Correlation between the Expression Levels of Transforming Growth Factor-beta (TGF-beta) Receptors and Responsiveness to TGF-beta1-Induced Growth Inhibitory Effects in Leukemic Cell Lines.
- Author:
Ji Hyun JEON
1
;
Byung Kiu PARK
Author Information
1. Department of Neurobiology, Graduate School, Gyeongsang National University, Chinju, Korea.

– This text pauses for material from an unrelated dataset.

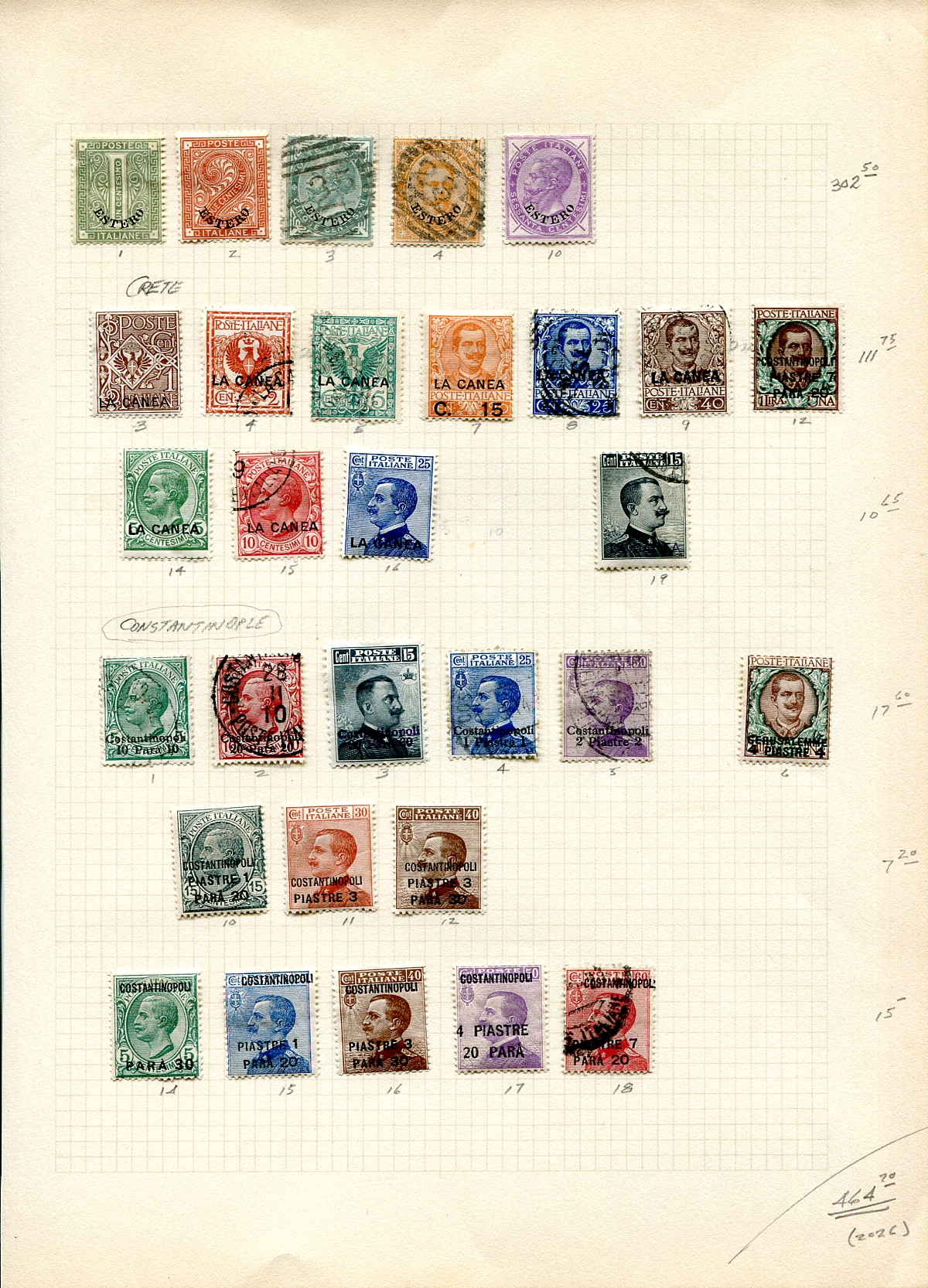 An old-time album page, with a combination of mint and used Italian Offices including General issues ("Estero"), Offices in Crete and Offices in Constantinople. The value adds up quickly here! 2025 Scott US$464.70 =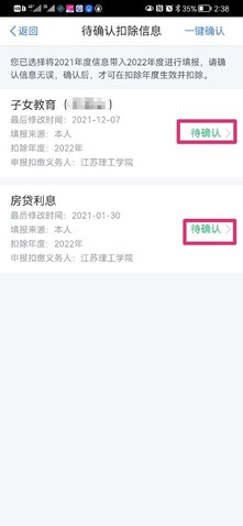 3.进入待确认扣除信息页面,如有修改点击“待确认”,可修改已有的附加扣除信息。

- Publication Type:Original Article
- Keywords:
TGF-beta;
TGF-beta receptor type I;
TGF-beta receptor type II;
expression;
responsiveness;
leukemic cells
- MeSH:
Antibodies;
Blotting, Western;
Cell Line*;
Densitometry;
Epithelial Cells;
Humans;
Lung;
Peptides;
Receptors, Transforming Growth Factor beta;
Thymidine;
Transforming Growth Factor beta;
Transforming Growth Factor beta1
- From:Korean Journal of Hematology
2000;35(2):150-161
- CountryRepublic of Korea
- Language:Korean
-
Abstract:
BACKGROUND: Defects in TGF-beta receptors have been found in a variety of malignant cells, we therefore investigated whether these defects could be also demonstrated in leukemic cells. In addition, we analyzed the relation between TGF-beta receptor expression and responsiveness to TGF-beta-induced growth inhibitory effects. METHODS: Eleven human leukemic cell lines and two normal cell lines were recruited for the study. To evaluate the expression of TGF-beta receptor type I (RI) and type II (RII), Western blotting analysis was conducted utilizing two kinds of primary antibodies against both RI and RII. Band strength was quantitated with densitometry. Moreover, specific peptides against primary antibodies were employed for competitive inhibition assay. Responsiveness to TGF-beta1 was assessed by [3H] thymidine uptake. RESULTS: Bands of same molecular size were demonstrated by two different primary antibodies. Peptides against RI or RII antibodies successfully blocked the emergence of RI or RII message, respectively, verifying that former bands represented specific RI or RII. Relative RI levels in leukemic cells except HL-60 compared with CCL-64, normal lung epithelial cells, were in the range of 0.48~1.14. In contrast, relative RII levels, although variable between individual cells, were less than 0.25 in all the leukemic cells. Percents [3H]thymidine uptake of leukemic cells at 10 ng/mL of TGF-beta1 compared with untreated control were widely distributed in the range of 7.7~62.9%. Positive correlation between RII levels and TGF-beta responsiveness was observed (P=0.025). CONCLUSION: Defective RI expression seems to be rare, however, defective RII expression appears to be rather common in leukemic cells. Positive correlation between RII levels and TGF-beta responsiveness suggests role of defective RII expression in the acquisition of resistance to TGF-beta in leukemic cells.